• _DIRECTIONS FOR THIS TASK_: Below is a listing with pictures in it; transcribe exactly the lines from the one that has "通過優(yōu)化Si襯底表" through the one that has "传统花腿纹身--18张传统风格的大花腿纹身图案作品", and omit those pictures.
─── SUPPLIED INFORMATION ───
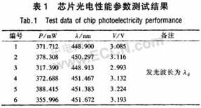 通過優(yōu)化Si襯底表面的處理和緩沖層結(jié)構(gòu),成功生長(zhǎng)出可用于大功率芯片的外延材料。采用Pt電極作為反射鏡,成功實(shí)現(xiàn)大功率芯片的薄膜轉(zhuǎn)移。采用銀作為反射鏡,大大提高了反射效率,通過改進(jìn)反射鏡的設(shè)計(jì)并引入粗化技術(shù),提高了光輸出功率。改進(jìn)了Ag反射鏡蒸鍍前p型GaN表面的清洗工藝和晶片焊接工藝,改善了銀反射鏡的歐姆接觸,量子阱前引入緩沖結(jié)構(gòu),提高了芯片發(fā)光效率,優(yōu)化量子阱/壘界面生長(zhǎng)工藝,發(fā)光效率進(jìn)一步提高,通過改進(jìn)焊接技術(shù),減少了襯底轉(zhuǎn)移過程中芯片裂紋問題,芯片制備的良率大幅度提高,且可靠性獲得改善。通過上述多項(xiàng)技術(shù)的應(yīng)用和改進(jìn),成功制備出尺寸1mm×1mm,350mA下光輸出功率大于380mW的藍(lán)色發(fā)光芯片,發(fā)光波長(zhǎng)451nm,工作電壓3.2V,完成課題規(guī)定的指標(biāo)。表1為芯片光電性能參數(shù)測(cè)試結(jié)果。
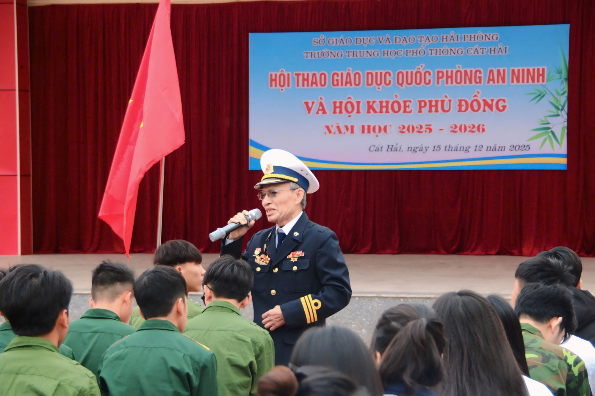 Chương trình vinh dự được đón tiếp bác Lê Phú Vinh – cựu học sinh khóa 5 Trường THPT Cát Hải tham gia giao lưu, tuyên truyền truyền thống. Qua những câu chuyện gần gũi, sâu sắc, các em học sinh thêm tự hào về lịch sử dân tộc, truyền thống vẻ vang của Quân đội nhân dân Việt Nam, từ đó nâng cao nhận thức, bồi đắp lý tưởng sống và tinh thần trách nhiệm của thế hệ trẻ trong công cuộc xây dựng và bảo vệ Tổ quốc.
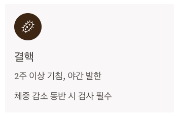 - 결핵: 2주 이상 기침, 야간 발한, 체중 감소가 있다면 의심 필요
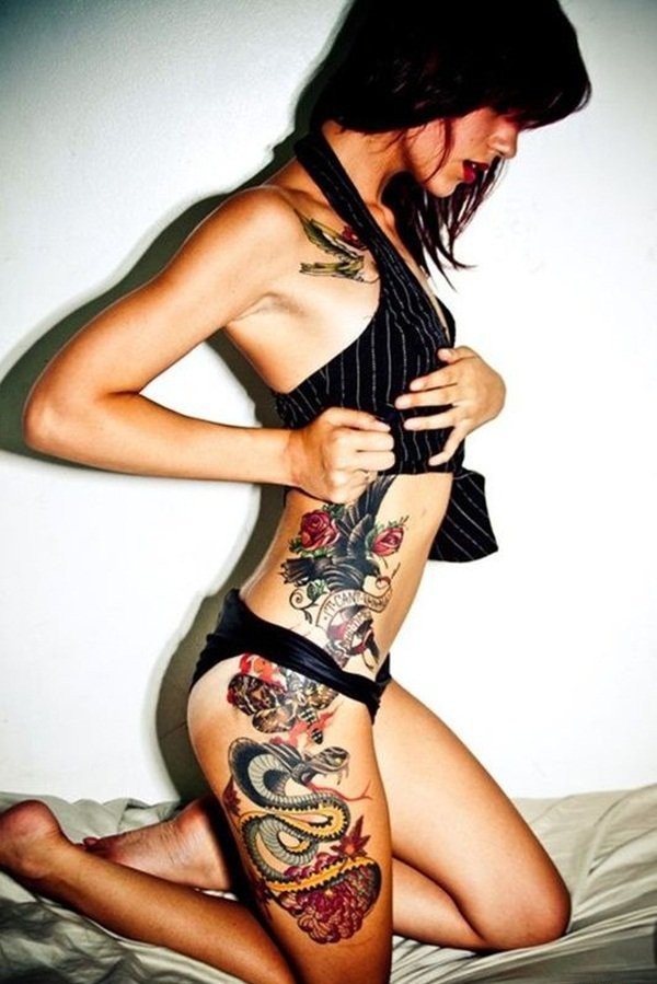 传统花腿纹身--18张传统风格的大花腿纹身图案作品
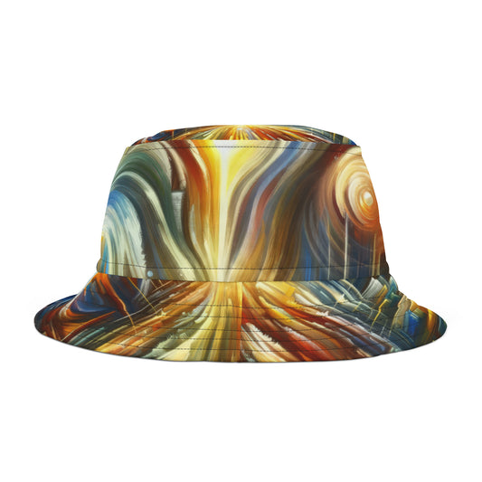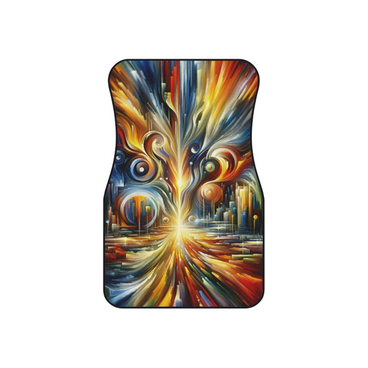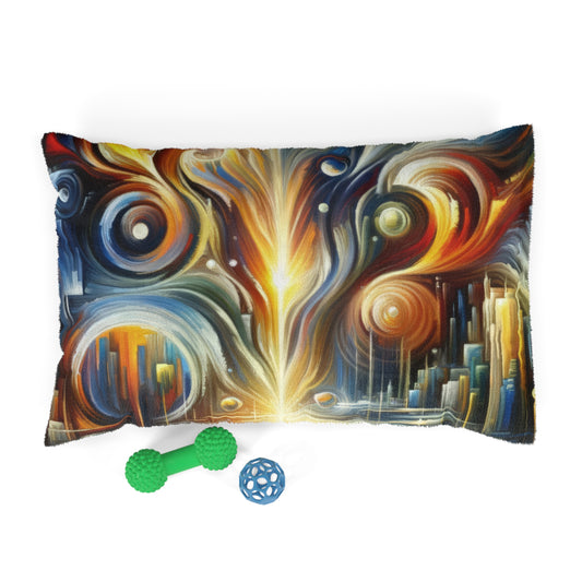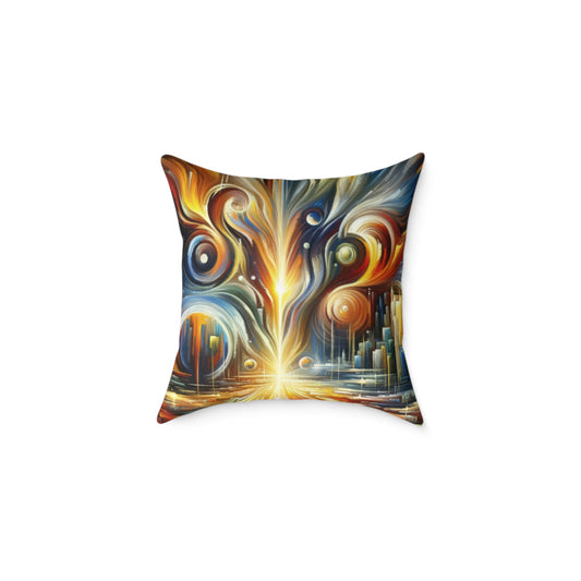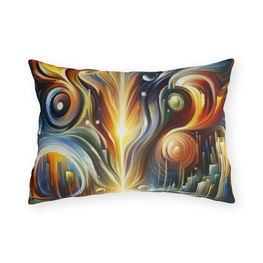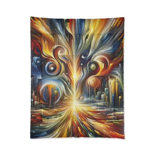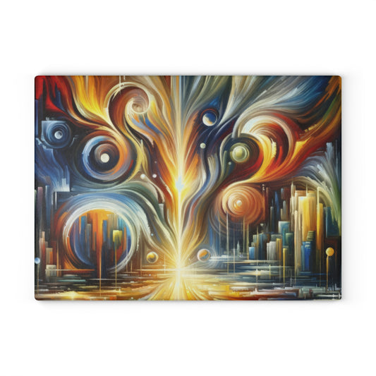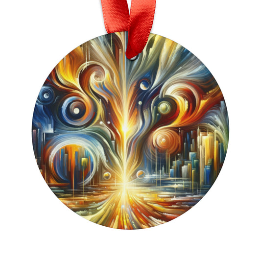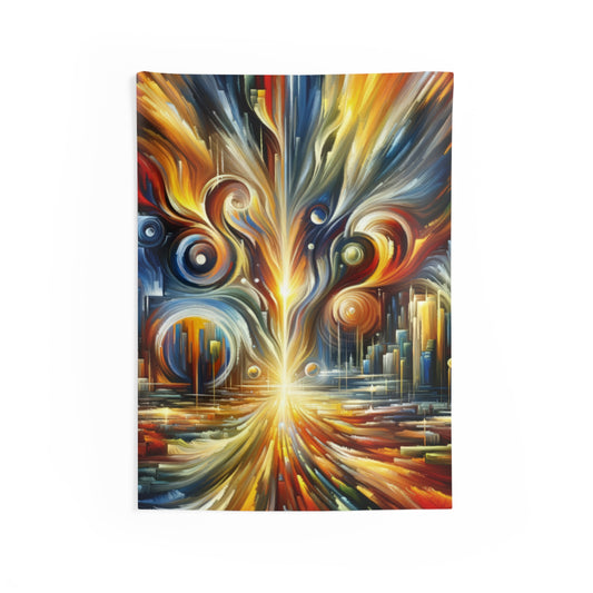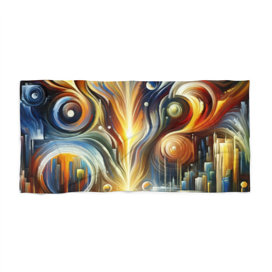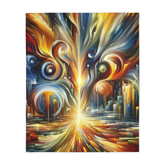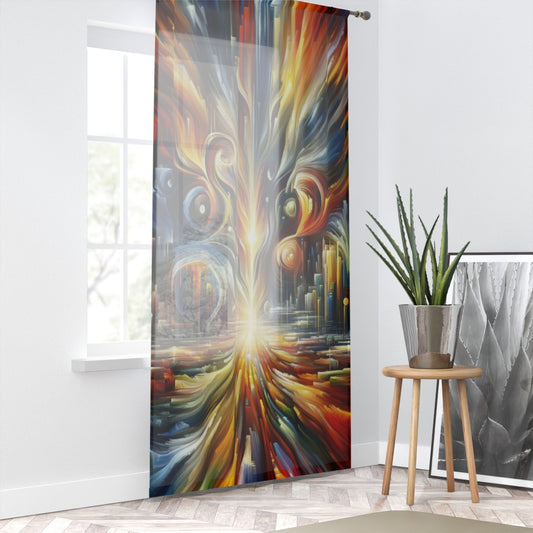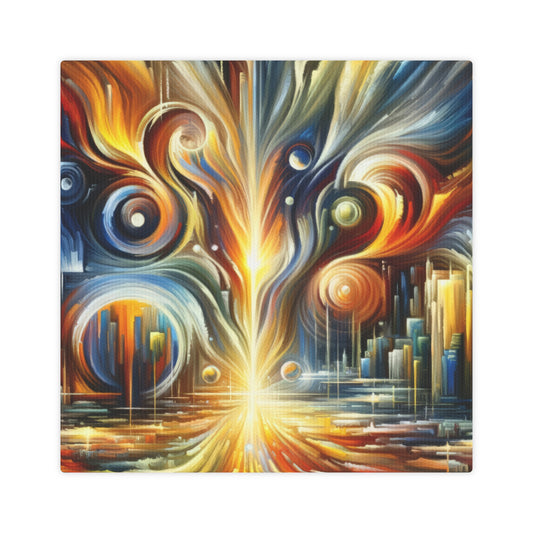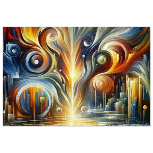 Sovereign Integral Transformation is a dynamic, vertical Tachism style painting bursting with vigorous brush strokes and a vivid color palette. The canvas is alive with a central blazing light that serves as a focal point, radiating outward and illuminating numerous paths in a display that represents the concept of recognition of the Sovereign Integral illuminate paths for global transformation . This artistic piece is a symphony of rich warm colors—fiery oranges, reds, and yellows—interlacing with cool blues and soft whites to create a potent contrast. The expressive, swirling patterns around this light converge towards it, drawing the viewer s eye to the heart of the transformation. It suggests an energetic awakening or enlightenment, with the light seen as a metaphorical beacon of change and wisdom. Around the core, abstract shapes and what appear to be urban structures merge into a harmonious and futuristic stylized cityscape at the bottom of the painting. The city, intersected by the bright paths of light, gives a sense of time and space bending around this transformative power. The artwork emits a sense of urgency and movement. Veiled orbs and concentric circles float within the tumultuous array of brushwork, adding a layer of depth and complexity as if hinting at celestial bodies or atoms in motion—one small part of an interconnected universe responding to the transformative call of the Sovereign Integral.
───
─── SUPPLIED INFORMATION ───
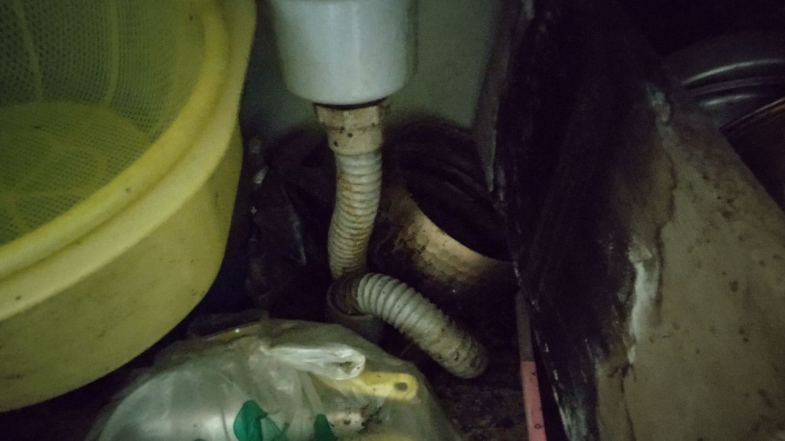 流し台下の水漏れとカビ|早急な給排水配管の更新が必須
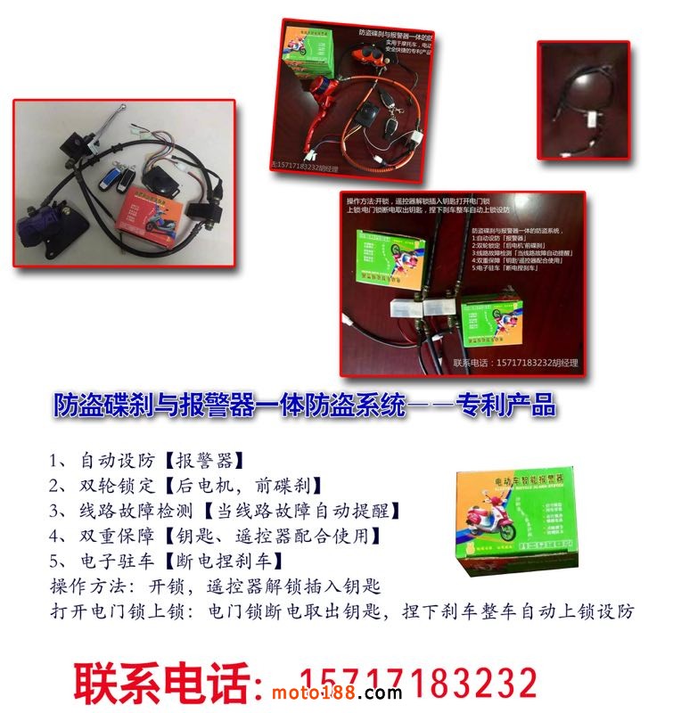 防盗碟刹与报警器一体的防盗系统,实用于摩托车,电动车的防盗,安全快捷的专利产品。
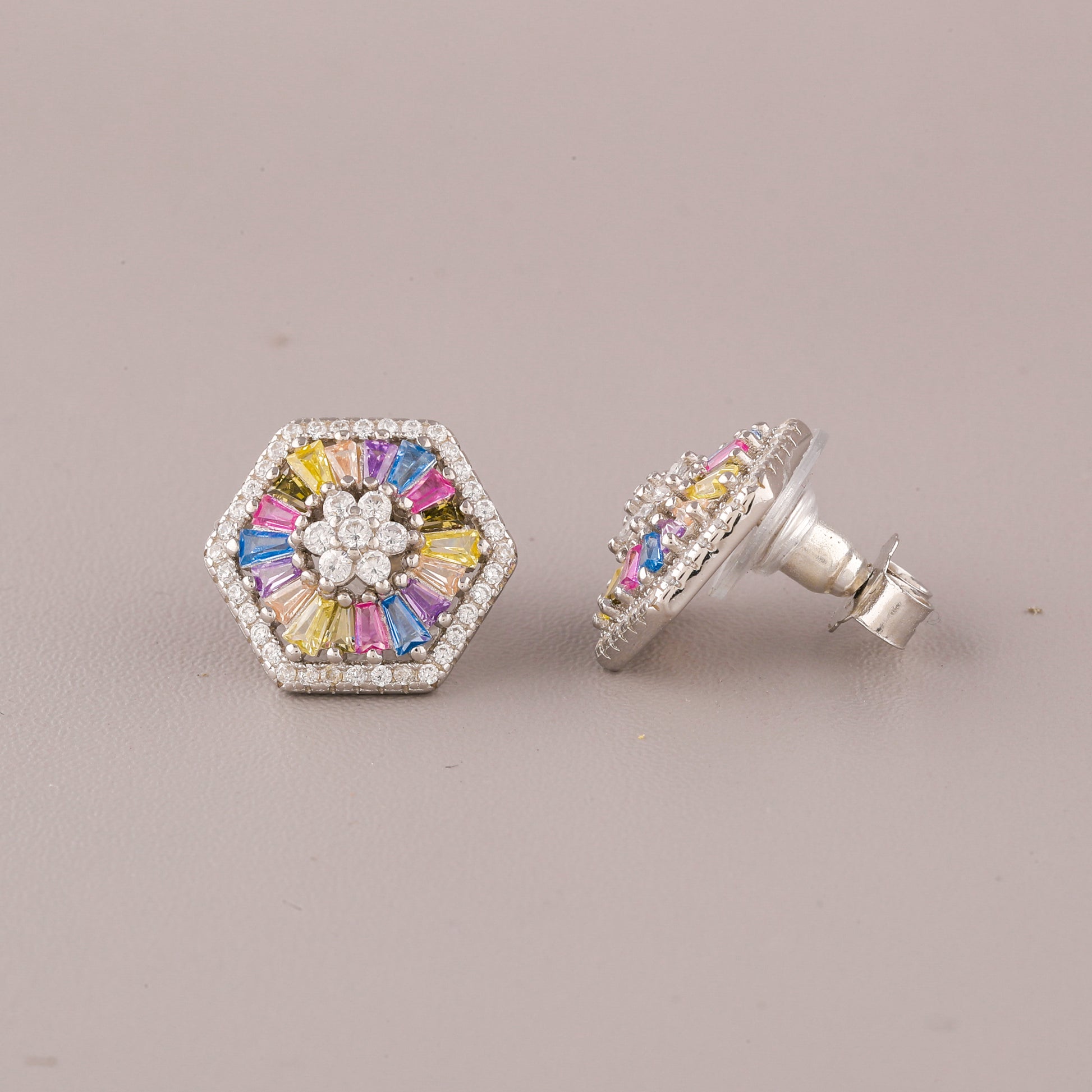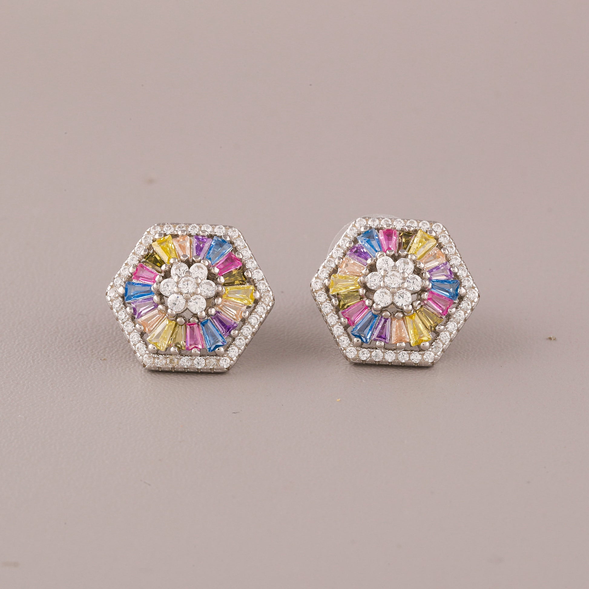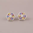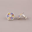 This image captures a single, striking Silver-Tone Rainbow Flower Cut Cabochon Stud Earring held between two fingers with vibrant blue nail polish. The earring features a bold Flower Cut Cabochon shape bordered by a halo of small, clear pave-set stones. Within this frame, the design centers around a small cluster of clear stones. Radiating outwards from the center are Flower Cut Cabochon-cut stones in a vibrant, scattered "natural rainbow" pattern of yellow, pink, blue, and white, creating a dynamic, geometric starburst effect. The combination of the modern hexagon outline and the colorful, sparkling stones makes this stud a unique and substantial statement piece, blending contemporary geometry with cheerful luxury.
───
• _EXPECTED ANSWER_:
 通過優(yōu)化Si襯底表面的處理和緩沖層結(jié)構(gòu),成功生長(zhǎng)出可用于大功率芯片的外延材料。采用Pt電極作為反射鏡,成功實(shí)現(xiàn)大功率芯片的薄膜轉(zhuǎn)移。采用銀作為反射鏡,大大提高了反射效率,通過改進(jìn)反射鏡的設(shè)計(jì)并引入粗化技術(shù),提高了光輸出功率。改進(jìn)了Ag反射鏡蒸鍍前p型GaN表面的清洗工藝和晶片焊接工藝,改善了銀反射鏡的歐姆接觸,量子阱前引入緩沖結(jié)構(gòu),提高了芯片發(fā)光效率,優(yōu)化量子阱/壘界面生長(zhǎng)工藝,發(fā)光效率進(jìn)一步提高,通過改進(jìn)焊接技術(shù),減少了襯底轉(zhuǎn)移過程中芯片裂紋問題,芯片制備的良率大幅度提高,且可靠性獲得改善。通過上述多項(xiàng)技術(shù)的應(yīng)用和改進(jìn),成功制備出尺寸1mm×1mm,350mA下光輸出功率大于380mW的藍(lán)色發(fā)光芯片,發(fā)光波長(zhǎng)451nm,工作電壓3.2V,完成課題規(guī)定的指標(biāo)。表1為芯片光電性能參數(shù)測(cè)試結(jié)果。
 Chương trình vinh dự được đón tiếp bác Lê Phú Vinh – cựu học sinh khóa 5 Trường THPT Cát Hải tham gia giao lưu, tuyên truyền truyền thống. Qua những câu chuyện gần gũi, sâu sắc, các em học sinh thêm tự hào về lịch sử dân tộc, truyền thống vẻ vang của Quân đội nhân dân Việt Nam, từ đó nâng cao nhận thức, bồi đắp lý tưởng sống và tinh thần trách nhiệm của thế hệ trẻ trong công cuộc xây dựng và bảo vệ Tổ quốc.
 - 결핵: 2주 이상 기침, 야간 발한, 체중 감소가 있다면 의심 필요
 传统花腿纹身--18张传统风格的大花腿纹身图案作品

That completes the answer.